Lachlan made a groaning sound as she clicked end.
“Deli MacDonald, we need a night out. And I know the perfect place.”
She sent Deli to her room to do a quick change out of her muddy leggings and tearstained top while Mo listened for the sound of Lachlan’s tires outside over the “getting ready music” Deli played from her phone.
It took him much longer to walk to the cottage from his truck after he’d parked than it usually did.
He paused in the doorway, glancing through the living room like a vampire waiting on an invitation, until Beans made a play for the space between his boots.
“You’re letting Beans out and cold air in, Lachlan.”
He made a show of checking his watch. Beans yelled in the crook of his arm. “I need to get back, Mo. Can we hurry?”
“Should I put on makeup for wherever we’re going?” Deli shouted from the bathroom.
“No,” Lachlan said as Mo said, “Sure!”
He pressed his lips into a line and shifted from foot to foot until Beans sank a prison-break bite into his hand.
“Jesus!” Lachlan dropped the cat as he examined his unbroken skin. “Evil legume!”
Mo grinned. “Funny, he says the same thing about you.”

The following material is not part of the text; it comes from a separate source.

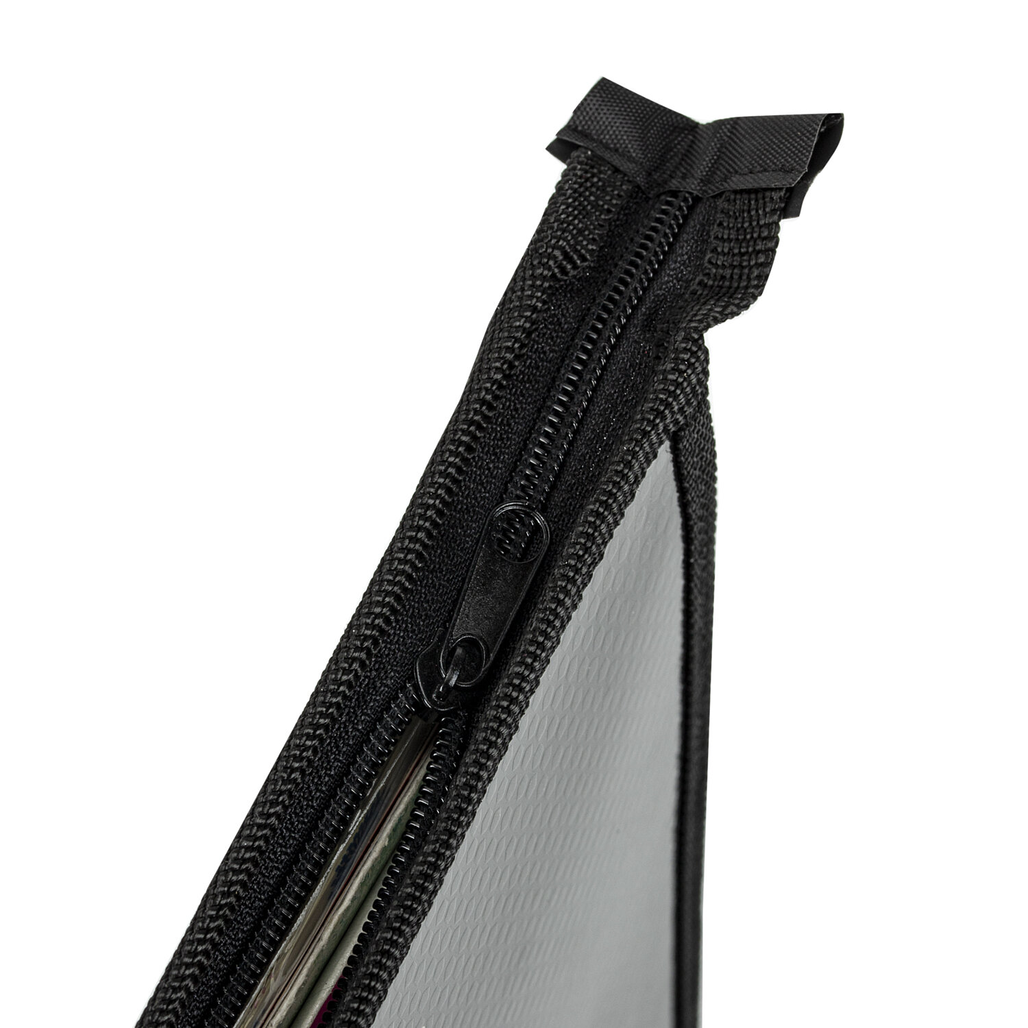 - Застежка-молния расположена по верхнему краю папки.

Deli emerged from her room in a fresh sweater and jeans, squeezing her arms into the same sad denim jacket she’d been hang drying in the humidity since the first day it got wet.
“Isn’t that still a bit damp?” Mo asked.
“Oh, it’s no big deal.” Deli’s smile didn’t reach her eyes. “It’s the only one I brought.”
“Lachlan.” Mo turned to him. “Can you grab the jacket from the closet behind you? The old leather one.”
He frowned. “The leather one?”
Mo answered him with a very rare glint. “Absolutely.”
“It’s fine, really!” Deli interjected, her eyes moving between them. “I don’t need it!”
“Lachlan,” Mo said flatly. “The jacket. Please.”
Lachlan pulled it from the closet it had hung in for many, many years.
Deli’s eyes narrowed as she snatched it from his hand. “Thanks.”
He grunted in response as Deli slipped into it like it was always meant to be hers. Mo wondered if, perhaps, it was.
Lachlan was glaring at her niece like she’d torn up his favorite baseball card. “Oi,” Mo called, snapping him out of it. “Is it happening?”
Lachlan sighed but nodded.
“Well then, what are we waiting for?” She jostled Deli toward the door. “We’ve got a show to catch!”